思わず日向の動きに魅入られていた私も、彼が吹っ飛んでいく姿をみれば思わず声を上げてしまう。
心配だけど、私はいま一応音駒マネージャーのおかげでここにいる。相手チームにも繋心や先生、マネージャーさんたちがいるから、彼ら彼女らより先に近付くのは憚られた。

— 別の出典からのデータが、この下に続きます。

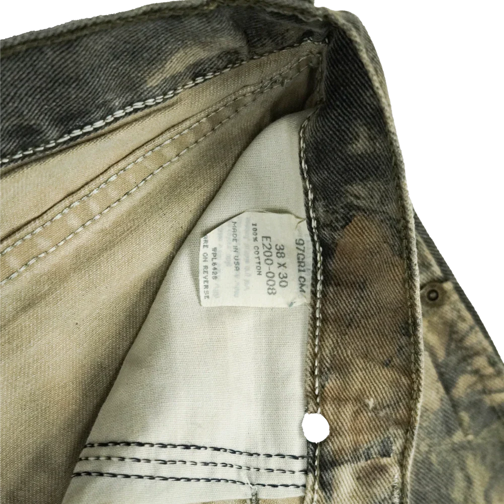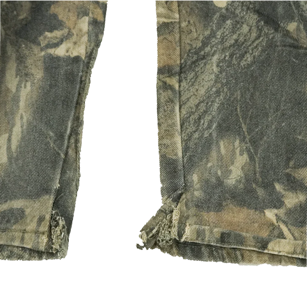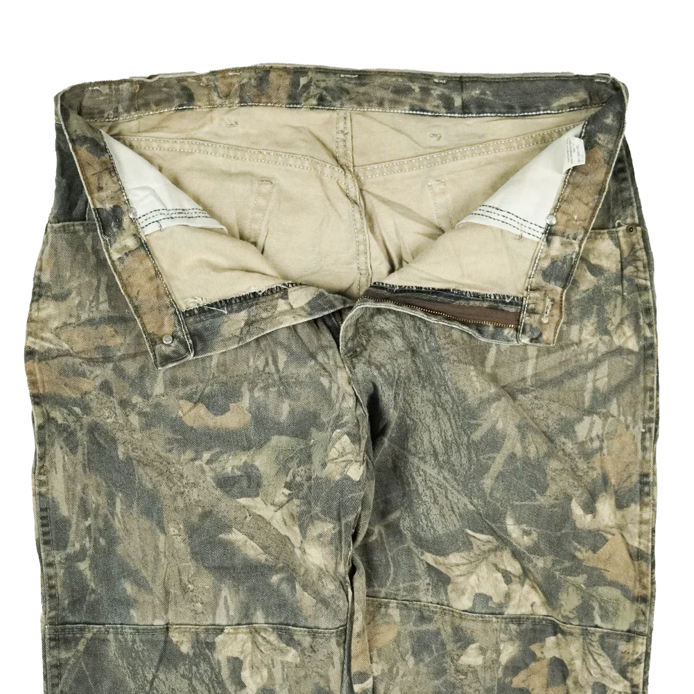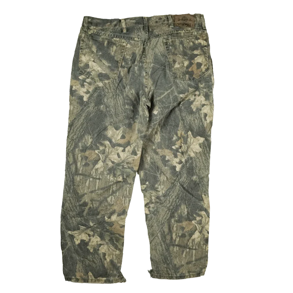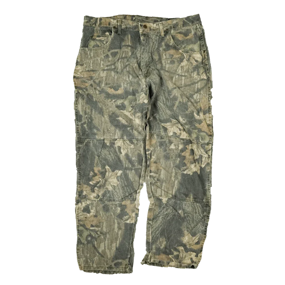 Commercial Wrangler hunting pants featuring a Mossy Oak camouflage print. These trousers have reinforced knee panels and a classic Wrangler workwear cut with belt loops and rear patch pockets.
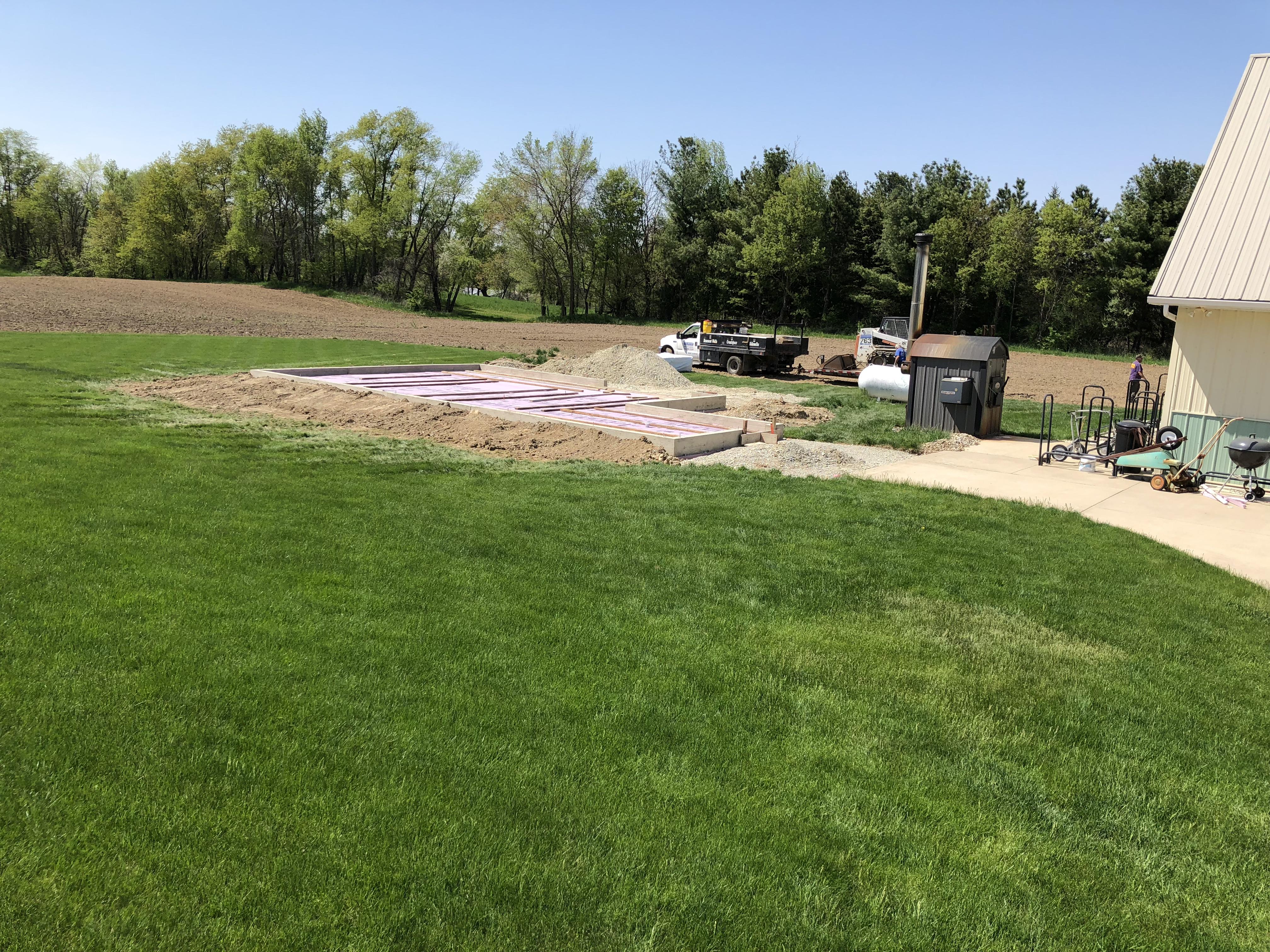 A Soggy Start Spring of 2008 was unusually wet, and I was trying to get a solar kiln built. Once the weather finally broke in May, we began ground preparation and dug the foundation footers. Soon after, the concrete slab was poured for a 28×24 storage building and an attached 12×12 solar kiln.

(で、でも起き上がってるし……ぶつかった人に謝ってるし……平気、なのかな……)
怪我をしていないか。痛めた箇所はないか。
彼の選手生命にキズがつかないか―――。
どきり。と嫌な汗が背中を伝う。
同時に、背後から見えない怪物が首元に刃物を突きつけている感覚がした。
とてもイヤな感覚。
「バレーボールもさ、試合中のコート内はゴチャっとすることがあるから声かけあってないと、あぁやって接触事故になりかねないんだよね」
マネージャーをしていて見慣れているのか。親友は心配そうに日向を見つめていたけれど、冷静に分析していた。
「ほぼタックルみたいだった……大丈夫かな……」
「まぁね。バレーもスポーツってことだよ。あたしたちとは違うジャンルの世界ってこと」
「……」
コート内を見つめながら、彼女は最後にそう呟いた。私は、なんて返すべきか分からずに押し黙ってしまう。
“ 私は、もうその世界には、いないんだよ ”
突きつけて、彼女を困らせてしまうこともできた。
でも、そうすることで幸せになる人がいるわけもなくて。
気分転換という名目で合宿の手伝いに誘ってくれる、大切な親友を困らせたくなくて。
数拍おいてから、彼女が横で息を呑む気配がしたけれど、私は気にしていない素振りを貫いたんだ。